A total of 11,923 adult and 1365 pediatric ON patients were enrolled. The rates of subsequent development of MS were 2.7% for adult and 3.1% for pediatric ON with median follow-up duration of 6.3 and 7.3 years respectively, while 1.2% of pediatric and adult ON evolved to NMO. Comorbid systemic lupus erythematosus was associated with increased risks of subsequent development of MS in adult (adjusted hazard ratio [aHR], 2.80; 95% CI, 1.04-7.49) and pediatric ON patients (aHR, 21.65; 95% CI, 1.29-363.4). Adult ON patients were at increased risks of NMO if comorbid with myasthenia gravis (aHR, 9.13; 95% CI, 1.20-69.45) or Sjogren's syndrome (aHR, 4.71; 95% CI, 1.74-12.76).
ON could be the sentinel event linking several peripheral autoimmune comorbidities to distinct forms of central nervous system demyelination.
视神经炎(ON)的长期预后存在异质性,且在不同人群中似乎有所不同。确定ON自然史的决定因素将有助于治疗规划和预后判断,而亚洲患者的相关研究报道较少。本研究旨在阐明台湾ON患者的合并症和治疗是否与随后发生多发性硬化(MS)或视神经脊髓炎(NMO)的不同风险相关。
我们利用台湾国民健康保险研究数据库的数据进行了一项全国性的基于人群的队列研究。对2003年至2014年期间的新发ON病例进行随访直至2015年底。分别对儿童和成人亚队列进行检查。使用Cox比例风险模型分析免疫相关合并症或治疗与结局之间的关联。

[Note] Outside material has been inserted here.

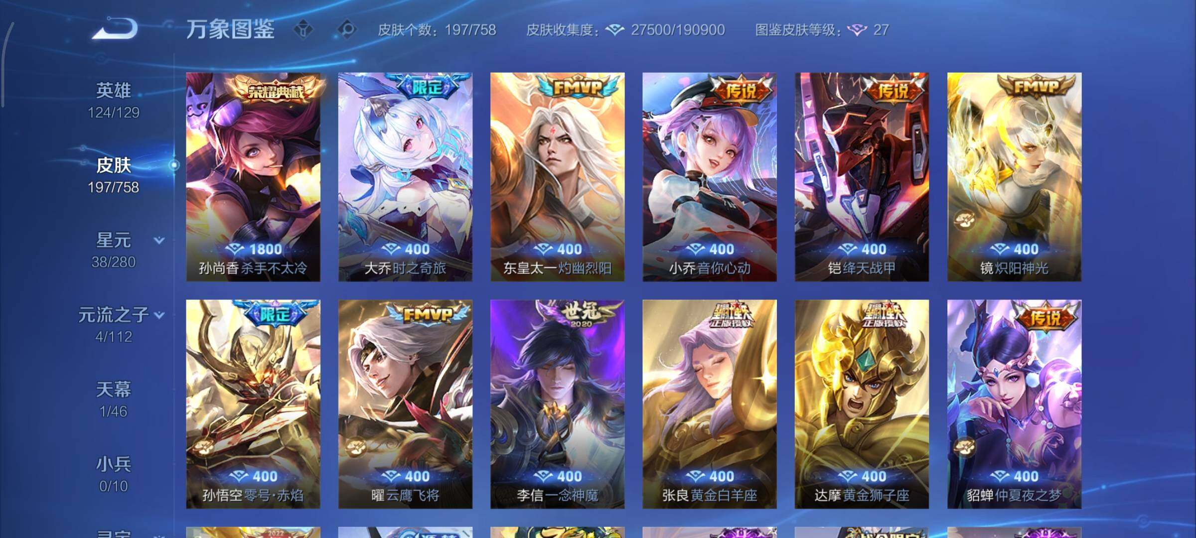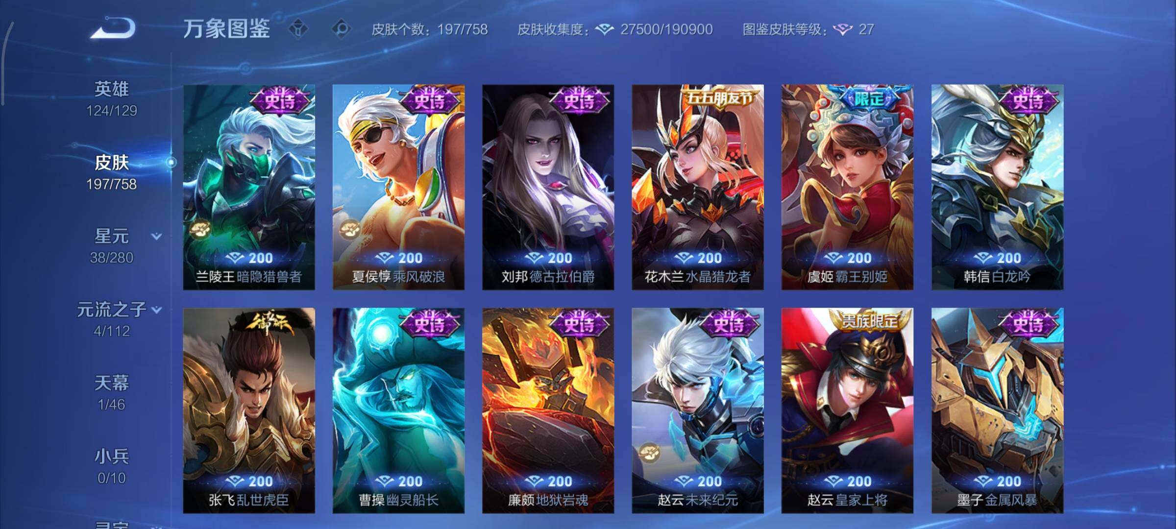 可换绑【性价比优质号】5按键 6王者印记 五级铭文190 可二次CD16202 安卓Q-V7-197皮肤-1典藏皮肤-11传说-53史诗【荣耀典藏】:孙尚香杀手不太冷【传说皮肤】:大乔时之奇旅,东皇太一灼幽烈阳,小乔音你心动,铠绛天战甲,镜炽阳神光,孙悟空零号赤焰,曜云鹰飞将,李信一念神魔,张良黄金白羊座,达摩黄金狮子座,貂蝉仲夏夜之梦【限定皮肤】:白起狰,狄仁杰阴

共纳入11923例成人ON患者和1365例儿童ON患者。成人ON患者随后发生MS的比例为2.7%,儿童ON患者为3.1%,中位随访时间分别为6.3年和7.3年,而1.2%的儿童和成人ON进展为NMO。合并系统性红斑狼疮与成人(调整后风险比[aHR],2.80;95%可信区间[CI],1.04 - 7.49)和儿童ON患者随后发生MS的风险增加相关(aHR,21.65;95%CI,1.29 - 363.4)。如果成人ON患者合并重症肌无力(aHR,9.13;95%CI,1.20 - 69.45)或干燥综合征(aHR,4.71;95%CI,1.74 - 12.76),则发生NMO的风险增加。
ON可能是将几种外周自身免疫性合并症与不同形式的中枢神经系统脱髓鞘联系起来的哨兵事件。